Shanghai Daily, 02.03.2007
Author: Hans Werner Sinn
In January, the European Union expanded eastward once again. Following the "Big Bang" enlargement of 2004, which added 75 million new EU citizens, the accession of Romania and Bulgaria has added 30 million more.
What does this mean for the labour markets of Western Europe?
Politicians tend to argueMany that, although some argue that, despite the loss of some jobs as plumbers and the like migrate to the West and companies relocate to the East, this will be offset by the West will enjoy more jobs in net terms due to the likely expansion of expansion of itsWest European exports.
That reasoning is familiar, but is it correct?
One thing is certain: enlargement has confronted Western Europe with extremely stiff wage competition.
The view that eastward enlargement will create jobs in the West assumes that East European low-wage workers will complement, and boost demand for, West European workers.
In fact, this is partly the case. West European engineers are needed to design world-class products to be manufactured by East European workers, while people with managerial skills can be sure that their abilities will be needed to integrate the EU's newest workers into the European economy.
But for the great majority of workers who have only their normal labor to sell, East European employees are actually substitutes, not complements.
The implications for the labor market are clear: for the highly qualified in the West European workforce, eastern enlargement will lead to an increase in labor demand; for all others, it will mean a decrease. Due to a fundamental asymmetry in the flexibility of wages this will lead to a net decline of employment.
To be sure, eastern enlargement is leading to an increase in West European exports, because more markets have been opened in which western firms can sell their products.
However, if exports increase, the factors of production - namely capital, qualified workers, and unskilled workers - must be diverted from other sectors of the economy, and this leads , on balance, to a loss of jobs there.
Since export goods are considerably more capital and knowledge-intensive in their production than other goods, the structural change will even reduce the net demand for unskilled labour.

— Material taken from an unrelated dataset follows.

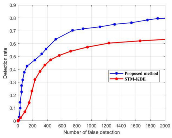 Table 1 shows the detection results of the STM-KDE and the proposed method on the 2011_09_28_drive_0016 dataset. It can be found that the proposed method not only improves the detection accuracy, but also significantly improves the recall rate of pedestrian detection. The F1 score is also improved from 0.5122 to 0.7838. Figure 8 shows the ROC curves of different detection methods. The blue line shows the performance of the proposed method. The red line shows the performance of the STM-KDE. It can be seen that, under the same false-alarm number, the detection rate of the proposed method is higher than STM-KDE. The point cloud from long-distance pedestrian is sparse. STM-KDE uses the unique template based on LARK feature to match targets, which is difficult to use effectively for pedestrians at different distances. Perhaps using multiple templates from different distances could improve the detection performance of STM-KDE. In the proposed method, the three novel features are related to the proportion of pedestrian body, so they are robust to different distances and can obtain better detection performance.

The shrinking sectors include, of course, the labor-intensive preliminary stages of industrial production, where jobs have been outsourced to other countries - a phenomenon that is neither apparent to customers nor reflected in statistics on foreign direct investment.
Moreover, while it is often conceded that jobs can be lost via foreign direct investment, much more important are financial capital exports, that is, the loans that enable foreign firms to create jobs on their own turf.
Consider Germany, which in 2006 exported capital worth 108 billion euro, only 25 billion euro of which was for direct investments, whereas net domestic investment in all sectors combined was only 75 billion euro.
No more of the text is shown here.